TASK OBJECTIVE: Below are records with pictures in them. Output exactly the lines from the one with "대만은 지드래곤의 공연을" through the one with "130 gram ızgara", both included, and leave every picture out; give only those lines.

INFORMATION GIVEN:
┄┄┄┄┄┄┄┄┄┄

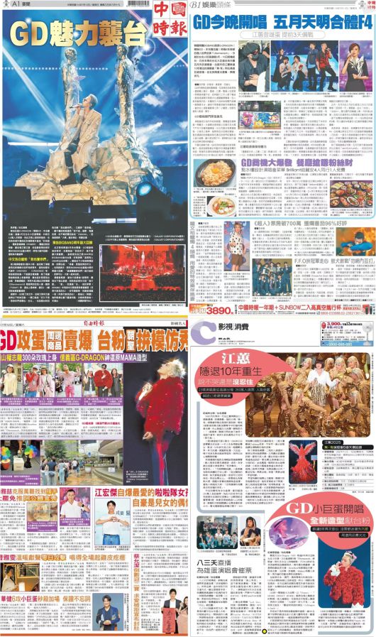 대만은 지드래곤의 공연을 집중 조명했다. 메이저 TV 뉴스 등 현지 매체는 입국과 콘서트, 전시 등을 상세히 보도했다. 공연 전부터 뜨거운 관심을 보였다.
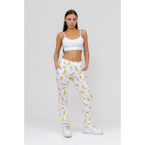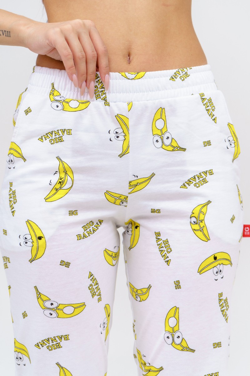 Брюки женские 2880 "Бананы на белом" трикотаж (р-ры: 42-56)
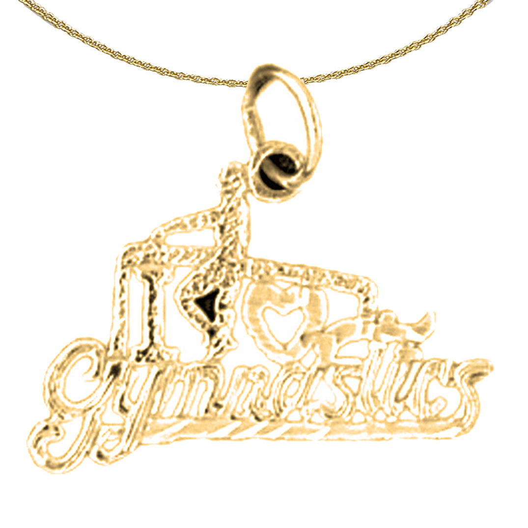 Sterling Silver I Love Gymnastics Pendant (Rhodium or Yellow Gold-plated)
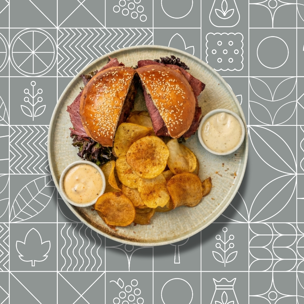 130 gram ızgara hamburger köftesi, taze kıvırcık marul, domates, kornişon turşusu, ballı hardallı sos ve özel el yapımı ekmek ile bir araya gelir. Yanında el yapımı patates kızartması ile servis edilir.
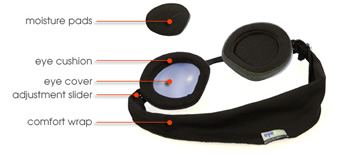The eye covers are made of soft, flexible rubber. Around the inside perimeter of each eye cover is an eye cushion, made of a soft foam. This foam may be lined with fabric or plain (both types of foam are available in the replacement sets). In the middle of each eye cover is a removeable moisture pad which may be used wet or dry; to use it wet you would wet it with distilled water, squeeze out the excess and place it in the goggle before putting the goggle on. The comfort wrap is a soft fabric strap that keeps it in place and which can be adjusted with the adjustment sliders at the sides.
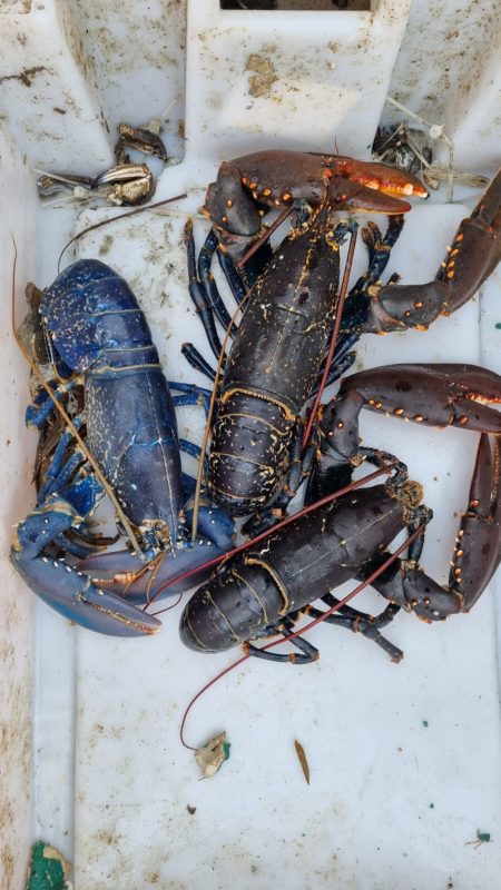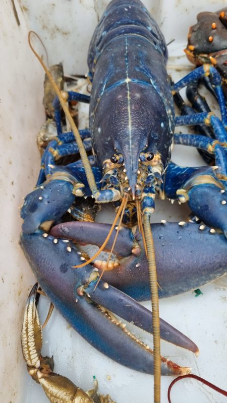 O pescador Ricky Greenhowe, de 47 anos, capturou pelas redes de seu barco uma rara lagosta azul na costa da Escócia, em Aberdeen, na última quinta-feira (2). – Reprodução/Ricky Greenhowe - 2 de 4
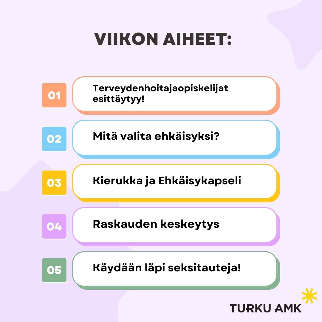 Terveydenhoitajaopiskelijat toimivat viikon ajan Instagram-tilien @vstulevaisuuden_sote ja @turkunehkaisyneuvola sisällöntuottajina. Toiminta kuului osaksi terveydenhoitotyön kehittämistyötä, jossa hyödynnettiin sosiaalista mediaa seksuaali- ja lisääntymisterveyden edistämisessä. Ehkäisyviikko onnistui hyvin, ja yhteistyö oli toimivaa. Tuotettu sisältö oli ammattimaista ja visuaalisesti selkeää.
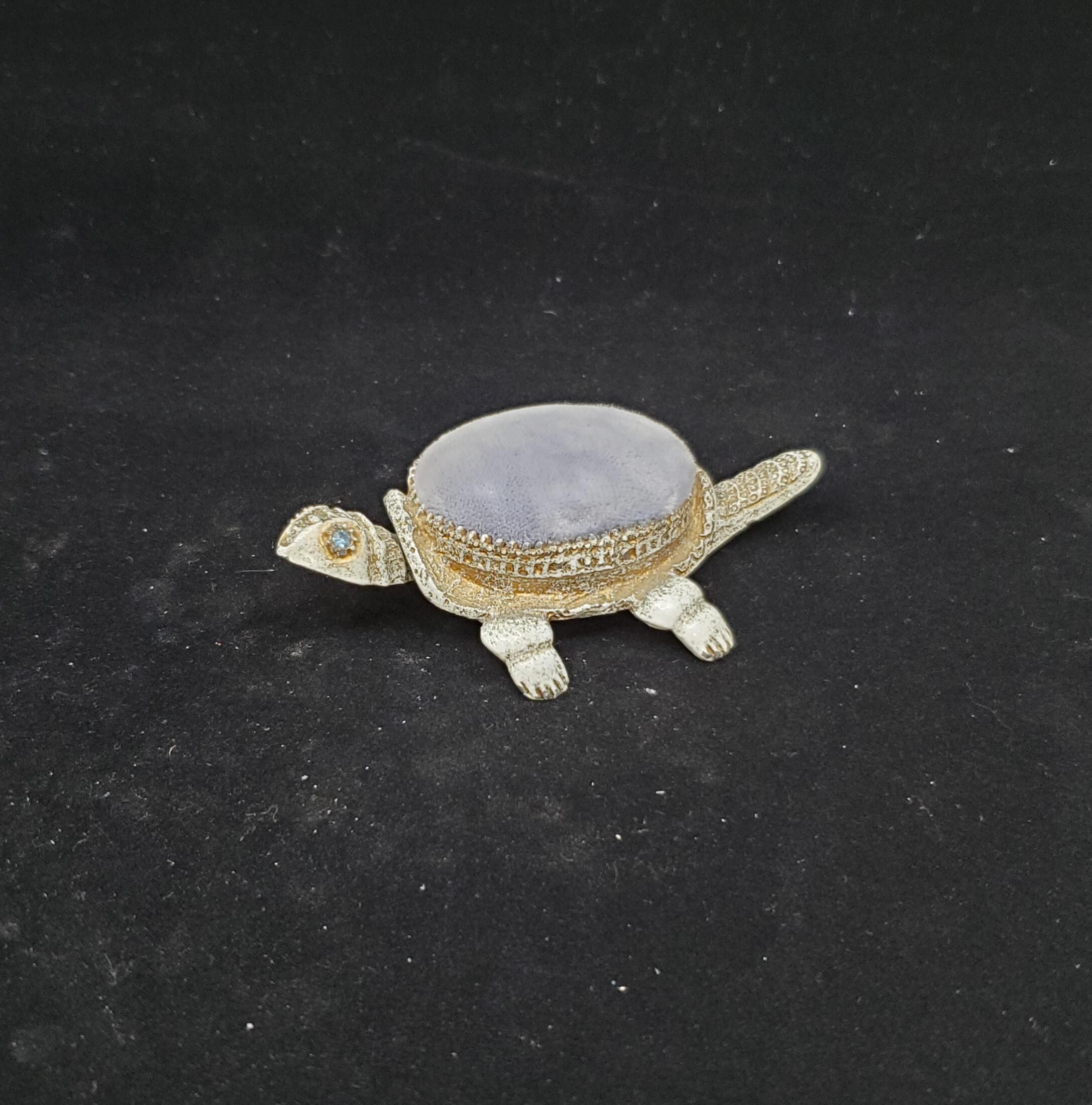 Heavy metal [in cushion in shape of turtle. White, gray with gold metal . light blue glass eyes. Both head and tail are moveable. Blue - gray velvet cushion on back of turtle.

┄┄┄┄┄┄┄┄┄┄

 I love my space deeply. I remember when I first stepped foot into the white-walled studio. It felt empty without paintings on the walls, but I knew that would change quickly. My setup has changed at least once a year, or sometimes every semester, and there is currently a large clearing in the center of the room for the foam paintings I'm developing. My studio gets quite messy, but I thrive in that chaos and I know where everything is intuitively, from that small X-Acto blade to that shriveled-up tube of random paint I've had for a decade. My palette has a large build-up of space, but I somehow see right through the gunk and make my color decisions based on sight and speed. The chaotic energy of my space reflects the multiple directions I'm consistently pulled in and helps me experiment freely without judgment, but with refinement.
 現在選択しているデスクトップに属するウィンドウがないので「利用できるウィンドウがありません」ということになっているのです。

┄┄┄┄┄┄┄┄┄┄

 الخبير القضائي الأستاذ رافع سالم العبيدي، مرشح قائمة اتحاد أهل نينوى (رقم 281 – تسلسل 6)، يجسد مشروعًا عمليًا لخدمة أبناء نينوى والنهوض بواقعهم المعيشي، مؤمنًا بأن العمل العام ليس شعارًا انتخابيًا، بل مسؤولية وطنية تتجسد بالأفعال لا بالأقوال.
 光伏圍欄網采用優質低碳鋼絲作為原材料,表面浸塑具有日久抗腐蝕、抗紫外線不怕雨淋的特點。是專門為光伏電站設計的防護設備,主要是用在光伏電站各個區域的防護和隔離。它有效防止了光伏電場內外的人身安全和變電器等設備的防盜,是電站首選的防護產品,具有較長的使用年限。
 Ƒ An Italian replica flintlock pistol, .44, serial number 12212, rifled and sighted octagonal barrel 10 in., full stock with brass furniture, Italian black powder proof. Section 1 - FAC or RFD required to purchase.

┄┄┄┄┄┄┄┄┄┄

REPLY:
 대만은 지드래곤의 공연을 집중 조명했다. 메이저 TV 뉴스 등 현지 매체는 입국과 콘서트, 전시 등을 상세히 보도했다. 공연 전부터 뜨거운 관심을 보였다.
 Брюки женские 2880 "Бананы на белом" трикотаж (р-ры: 42-56)
 Sterling Silver I Love Gymnastics Pendant (Rhodium or Yellow Gold-plated)
 130 gram ızgara hamburger köftesi, taze kıvırcık marul, domates, kornişon turşusu, ballı hardallı sos ve özel el yapımı ekmek ile bir araya gelir. Yanında el yapımı patates kızartması ile servis edilir.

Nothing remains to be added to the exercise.